Feasibility of Bioengineered Tracheal and Bronchial Reconstruction Using Stented Aortic Matrices

Emmanuel Martinod  1   2 Kader Chouahnia  3 Dana M Radu  1   2 Pascal Joudiou  4 Yurdagul Uzunhan  4 Morad Bensidhoum  5   6 Ana M Santos Portela  1 Patrice Guiraudet  1   2 Marine Peretti  1 Marie-Dominique Destable  1 Audrey Solis  7 Sabiha Benachi  7 Anne Fialaire-Legendre  8 Hélène Rouard  8 Thierry Collon  9 Jacques Piquet  9 Sylvie Leroy  10 Nicolas Vénissac  10 Joseph Santini  10 Christophe Tresallet  11 Hervé Dutau  12 Georges Sebbane  13 Yves Cohen  7 Sadek Beloucif  7 Alexandre C d'Audiffret  14 Hervé Petite  5   6 Dominique Valeyre  4 Alain Carpentier  2 Eric Vicaut  15
Affiliations
Clinical Trial

Feasibility of Bioengineered Tracheal and Bronchial Reconstruction Using Stented Aortic Matrices

Emmanuel Martinod et al. JAMA. .

Abstract

Importance: Airway transplantation could be an option for patients with proximal lung tumor or with end-stage tracheobronchial disease. New methods for airway transplantation remain highly controversial.

Objective: To establish the feasibility of airway bioengineering using a technique based on the implantation of stented aortic matrices.

Design, setting, and participants: Uncontrolled single-center cohort study including 20 patients with end-stage tracheal lesions or with proximal lung tumors requiring a pneumonectomy. The study was conducted in Paris, France, from October 2009 through February 2017; final follow-up for all patients occurred on November 2, 2017.

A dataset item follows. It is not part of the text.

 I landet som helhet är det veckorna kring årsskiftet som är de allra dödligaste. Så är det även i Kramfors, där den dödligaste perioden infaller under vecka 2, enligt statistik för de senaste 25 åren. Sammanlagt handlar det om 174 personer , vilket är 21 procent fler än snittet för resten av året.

Exposures: Radical resection of the lesions was performed using standard surgical techniques. After resection, airway reconstruction was performed using a human cryopreserved (-80°C) aortic allograft, which was not matched by the ABO and leukocyte antigen systems. To prevent airway collapse, a custom-made stent was inserted into the allograft. In patients with proximal lung tumors, the lung-sparing intervention of bronchial transplantation was used.

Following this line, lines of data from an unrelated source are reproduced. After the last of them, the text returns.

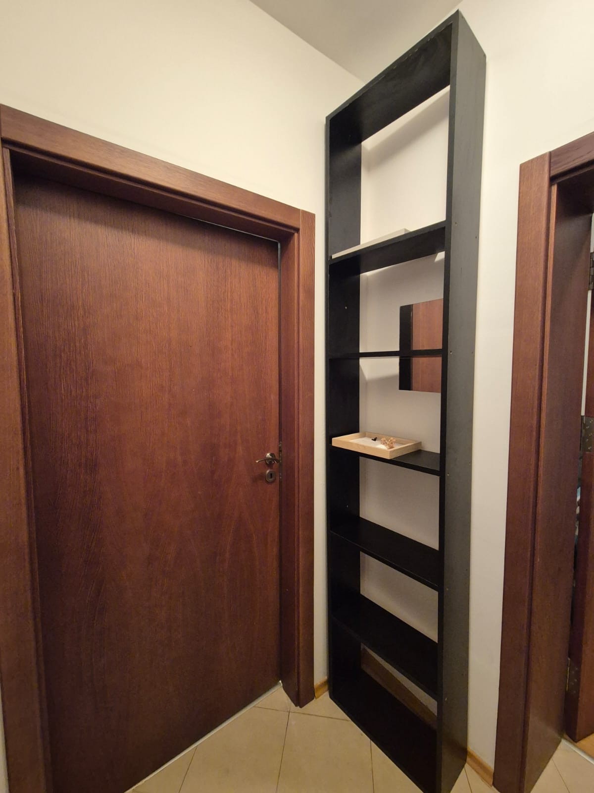 Квартира площадью 63 кв. м. расположена на 6 этаже, и состоит из прихоженй, гостиной с отдельной кухней и зоны столовой, спальни, ванной комнаты с туалетом и террасы с видом на город. Квартира обставлена мебелью и техникой и продаётся со всем оборудованием и техникой.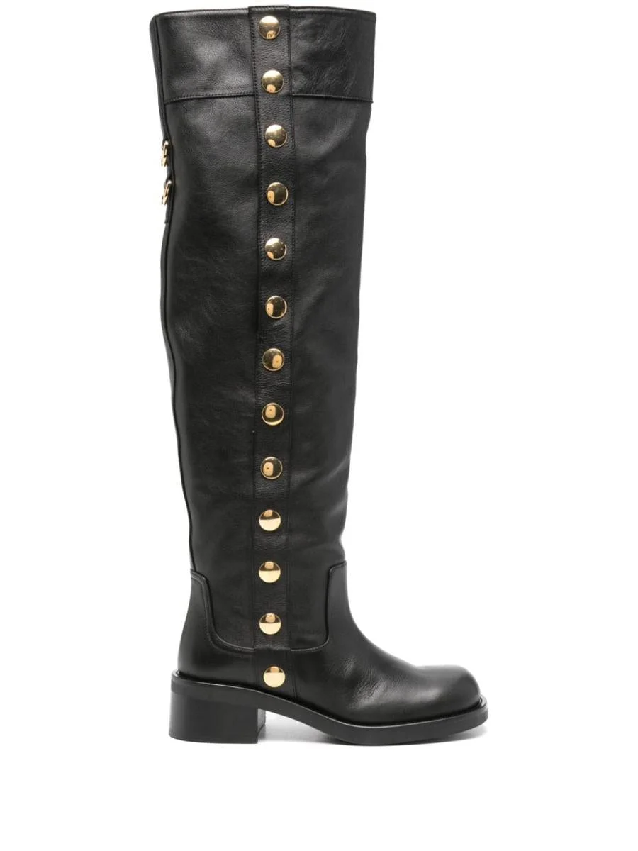 black calf leather panelled design gold-tone stud embellishment round toe D-ring findings above-knee length branded leather insole leather lining 50mm low block heel leather sole logo-engraved gold-tone hardware slip-on style Gender: Women Material: OUTER LEATHER100% ; LINING LEATHER 100% ; SOLE LEATHER 100% Color: Black Made in: IT Product ID: MA26065G1L MH5 000 *Import tax/duty will be calculated at checkout (If applicable)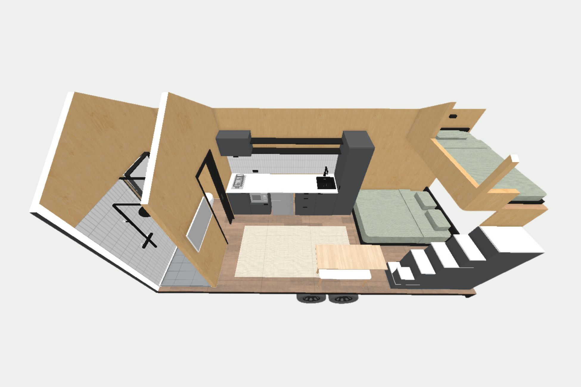 A unique 6m design combining a ground-floor bedroom with an additional loft space. Perfect for guests, work-from-home setups, or extra storage, this layout adapts to your needs while maintaining a cozy, functional living area and a premium kitchen.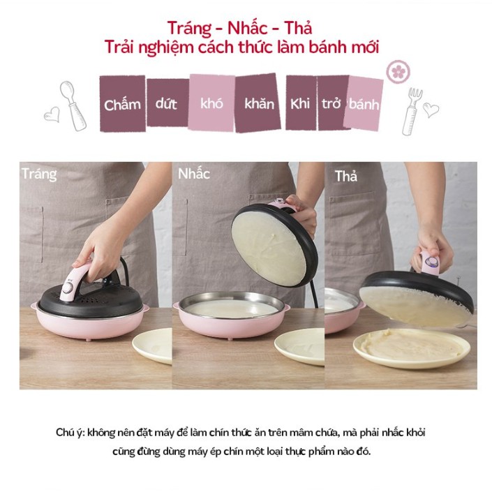 4/ Làm nóng máy 1 - 2 phút, tiến hành thao tác, tráng bột sau đó chờ khoảng 20s, thấy bánh tỏa ra hương thơm, đồng thời bánh bắt đầu tách rời, đó là dấu hiệu bánh chín

Main outcomes and measures: The primary outcome was 90-day mortality. The secondary outcome was 90-day morbidity.

Results: Twenty patients were included in the study (mean age, 54.9 years; age range, 24-79 years; 13 men [65%]). Thirteen patients underwent tracheal (n = 5), bronchial (n = 7), or carinal (n = 1) transplantation. Airway transplantation was not performed in 7 patients for the following reasons: medical contraindication (n = 1), unavoidable pneumonectomy (n = 1), exploratory thoracotomy only (n = 2), and a lobectomy or bilobectomy was possible (n = 3). Among the 20 patients initially included, the overall 90-day mortality rate was 5% (1 patient underwent a carinal transplantation and died). No mortality at 90 days was observed among patients who underwent tracheal or bronchial reconstruction. Among the 13 patients who underwent airway transplantation, major 90-day morbidity events occurred in 4 (30.8%) and included laryngeal edema, acute lung edema, acute respiratory distress syndrome, and atrial fibrillation. There was no adverse event directly related to the surgical technique. Stent removal was performed at a postoperative mean of 18.2 months. At a median follow-up of 3 years 11 months, 10 of the 13 patients (76.9%) were alive. Of these 10 patients, 8 (80%) breathed normally through newly formed airways after stent removal. Regeneration of epithelium and de novo generation of cartilage were observed within aortic matrices from recipient cells.

Conclusions and relevance: In this uncontrolled study, airway bioengineering using stented aortic matrices demonstrated feasibility for complex tracheal and bronchial reconstruction. Further research is needed to assess efficacy and safety.

Trial registration: clinicaltrials.gov Identifier: NCT01331863.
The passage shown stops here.